MATERIALS AND METHODS

Sample sources

Five C. sumatraensis specimens, ten N. cranbrooki specimens, four N. evansi specimens, four M. gongshanensis specimens, and one N. baileyi specimen were obtained from the EHHM region (Figure 1), including three legs, 11 skulls, eight skins, and two dried meats (Supplementary table S4 for details). Samples were collected from ungulates that died naturally during multiple field expeditions and from specimens confiscated by forest police from hunters. All samples were initially identified based on morphological characters recorded in Groves & Grubb (2011). Only samples with a known locality were collected. All samples were dried and preserved in silica gel and deposited in the Southeast Asia Biodiversity Research Institute, Chinese Academy of Sciences, Myanmar Lab and the School of Life Sciences, Qinghai Normal University.

Figure  1.  Geographic information on Capricornis sumatraensis, Naemorhedus cranbrooki, Naemorhedus evansi, and Muntiacus gongshanensis samples with known sampling locations

Samples included those obtained and those downloaded from the NCBI, with different species marked with different colored dots.

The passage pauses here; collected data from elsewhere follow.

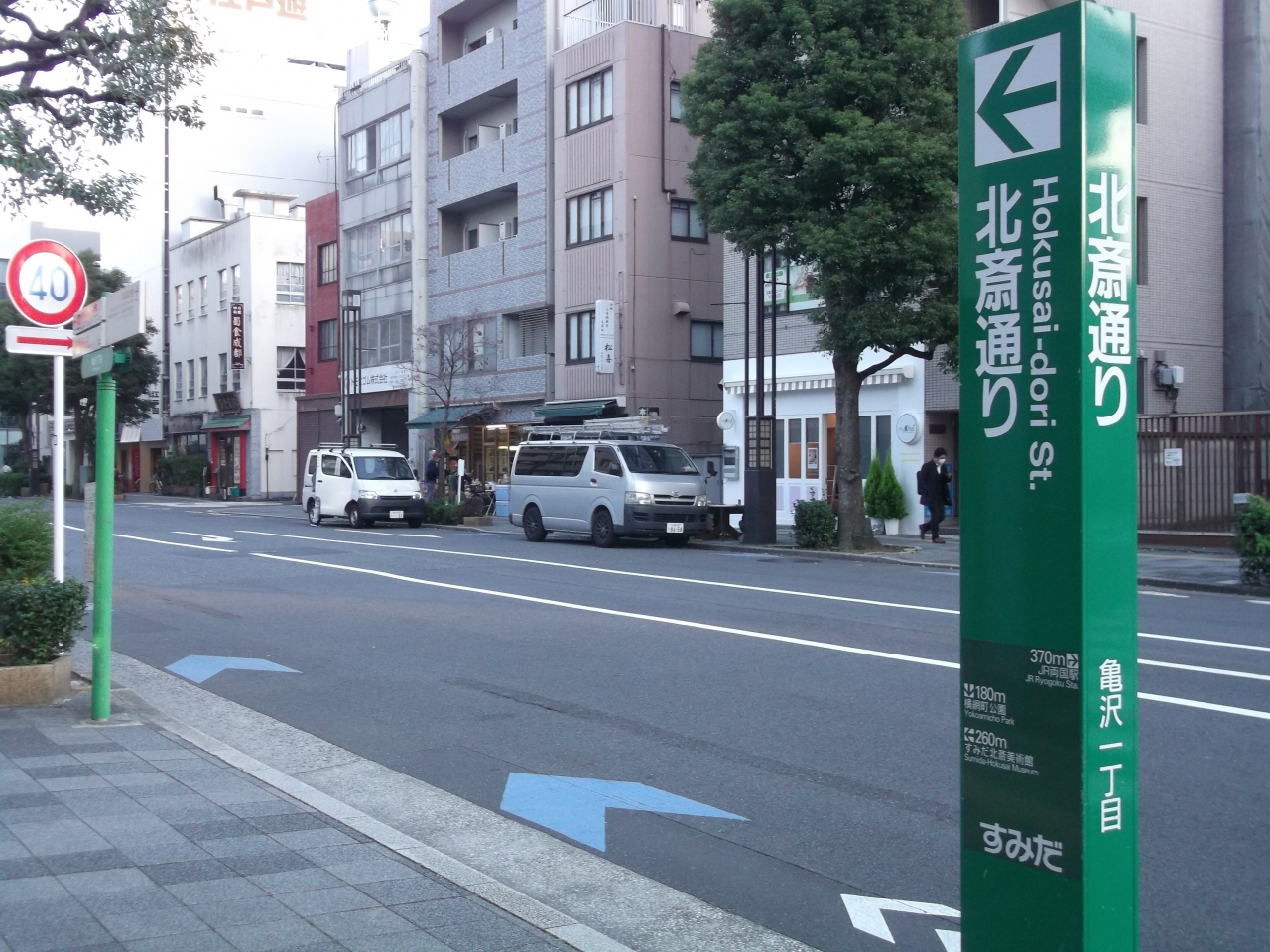 地下鉄両国駅の前から緑町公園の方に東西に延びる大通りです。葛飾北斎の生誕地が近くにあることからこのように名付けられた通りで、緑町公園には北斎美術館もあります。公園からさらに進んでいくと相撲と縁のある野見宿彌神社もあり、歴史の一コマを説明する案内板をたどりながら散策を楽しめます。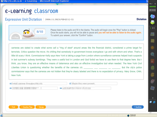 청담어학원의 특징이라고 하면 한 20% 정도는 오프라인 교재로 숙제를 했는데, 나머지 80%의 숙제는 온라인으로 진행을 했다는 점에 있다. 이 시대에는 굉장히 혁신적이었다. 리스닝의 경우 '단 한번'만 듣고 저 빈칸들을 채워야 했고(You will not be able to listen to the audio again!) 라이팅의 경우 작문을 해서 제출하면 강사들이 첨삭과 평가를 내려주곤 했다.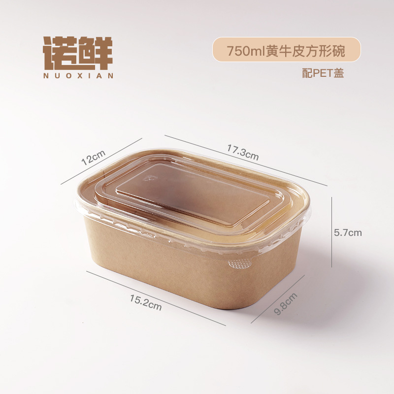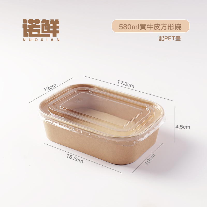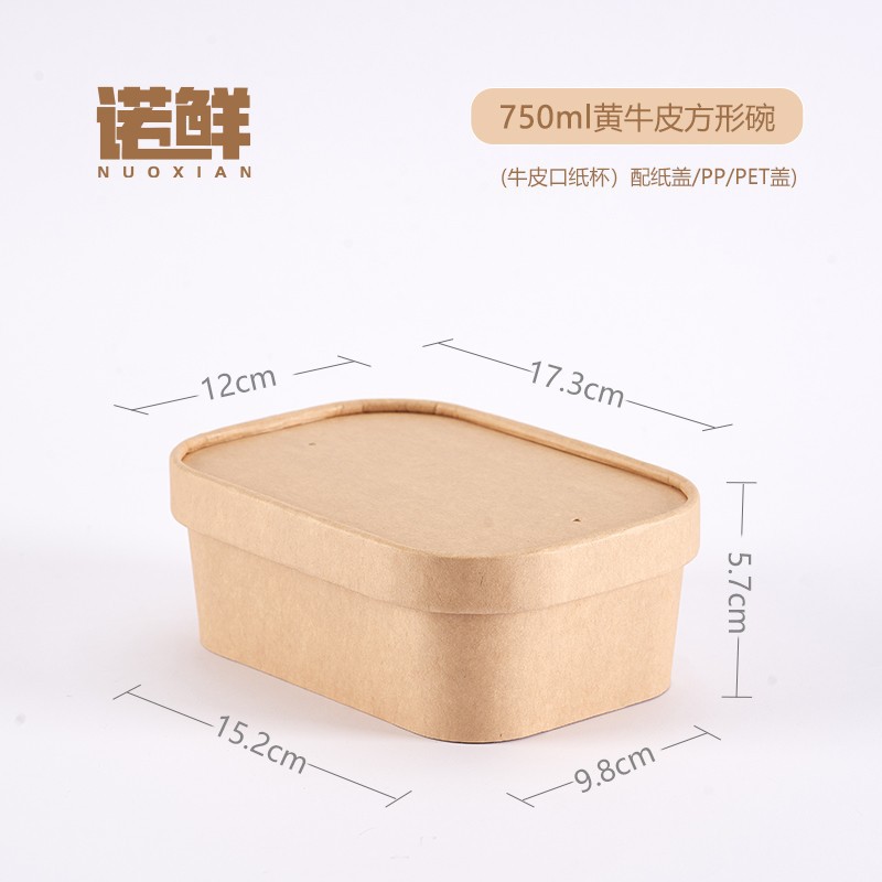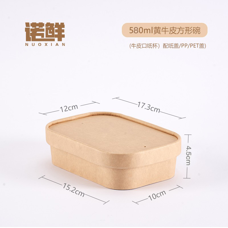 Прямоугольная коробка натурального цвета 580 мл + бумажная крышка

Map in the upper right corner marks all species samples with known geographical locations. Red box marks East Himalaya-Hengduan Mountains (EHHM) region. MT and CY represent Motuo and Chayu in Xizang, China; GS and DQ represent Gongshan and Deqin in Yunnan, China; BX represents Baoxing in Sichuan, China; NM represents northern Myanmar.

DNA extraction, polymerase chain reaction (PCR) amplification, and sequencing

All molecular work was performed in a separate facility under in a sterile environment to avoid cross-contamination. DNA was extracted using a DNeasy Blood & Tissue Kit (Qiagen, Hilden, Germany), and its concentration and integrity were detected using 2% agarose gel electrophoresis. The volume of the master mixture for PCR was 50 µL, which contained 100 ng of template DNA, 1 μL (10 pmol) of each primer, 5.0 µL of 10×Taq buffer, 2 μL of dNTP (2.5 mmol/L), 2.0 U Taq DNA polymerase, and sterilized ultra-purified water. The PCR conditions were as follows: predenaturation at 95℃ for 8 min, 35 cycles of denaturation at 95℃ for 45 s, annealing at 52℃–64℃ for 45 s, extension at 72℃ for 1 min, and final extension for 7 min at 72℃. Reactions were performed on a Veriti Thermal Cycler (Applied Biosystems, USA) and always included a negative control. An ABI PRISM 3700 Genetic Analyzer (Applied Biosystems, USA) was used to sequence both ends of the PCR products. The primers refer to Supplementary table S4 of Li et al. (2020).

Assembly and alignment

Chromas software (http://www.technelysium.com.au) was used to analyze the obtained sequences, and waveform diagrams were used to correct the sequences. DNA Star v.5.0 was used to splice genes after correction (Burland, 2000). The sorted sequences were aligned in GENEIOUS v.2019.1.1 using the default parameters of MAFFT v.7.245 (Rozewicki et al., 2019), and manually checked and corrected.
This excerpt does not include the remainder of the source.